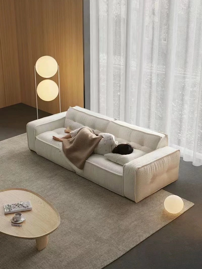 イタリアン・トーストスタイルのモダンミニマリストソファ、和の侘び寂びとクリーミーなレトロ感を融合した豆腐ブロックデザイン。リビングをおしゃれに彩る、直線的なフォルムが魅力の布製ソファ。
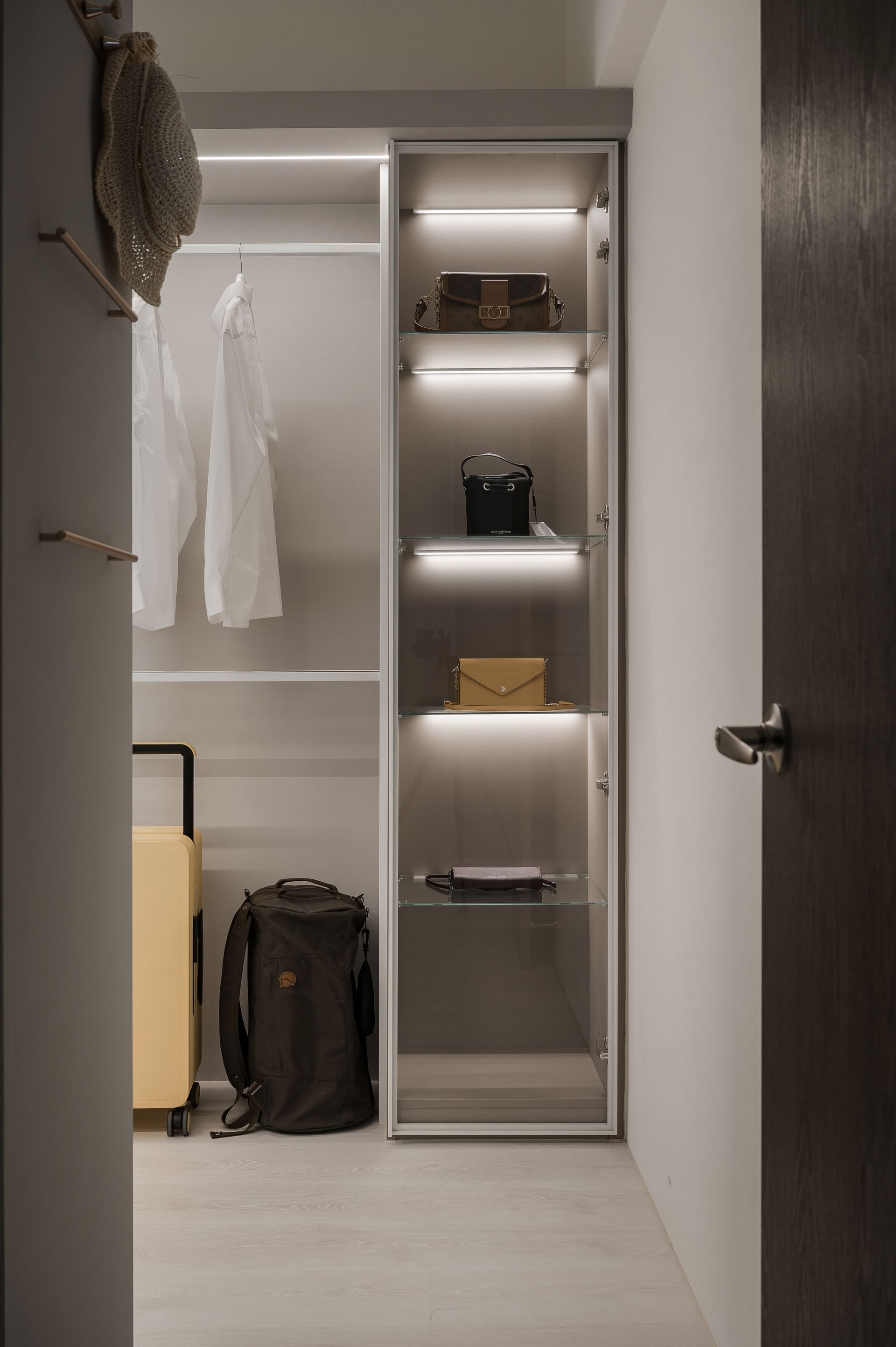 獨立屬於女主人的私密空間,經典包的收藏,各式衣著的陳列,大型梳妝台與可推拉的化妝鏡,企圖能讓女主人在這空間無論梳粧或保養都能有舒適與放鬆的感受,衣物與包包的收納不只是收藏,也能變成視覺上的欣賞,讓每日精心搭配的穿著都能盡情揮灑。
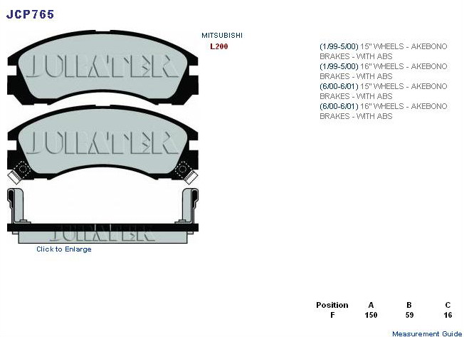 Mitsubishi L200, inc ABS, 00 (Akebono) 21370, 21768, 21769

----

> TASK OBJECTIVE: Restate, word for word, all of the material above, leaving out the images.

> RESULT FOR THIS TASK:
 イタリアン・トーストスタイルのモダンミニマリストソファ、和の侘び寂びとクリーミーなレトロ感を融合した豆腐ブロックデザイン。リビングをおしゃれに彩る、直線的なフォルムが魅力の布製ソファ。
 獨立屬於女主人的私密空間,經典包的收藏,各式衣著的陳列,大型梳妝台與可推拉的化妝鏡,企圖能讓女主人在這空間無論梳粧或保養都能有舒適與放鬆的感受,衣物與包包的收納不只是收藏,也能變成視覺上的欣賞,讓每日精心搭配的穿著都能盡情揮灑。
 Mitsubishi L200, inc ABS, 00 (Akebono) 21370, 21768, 21769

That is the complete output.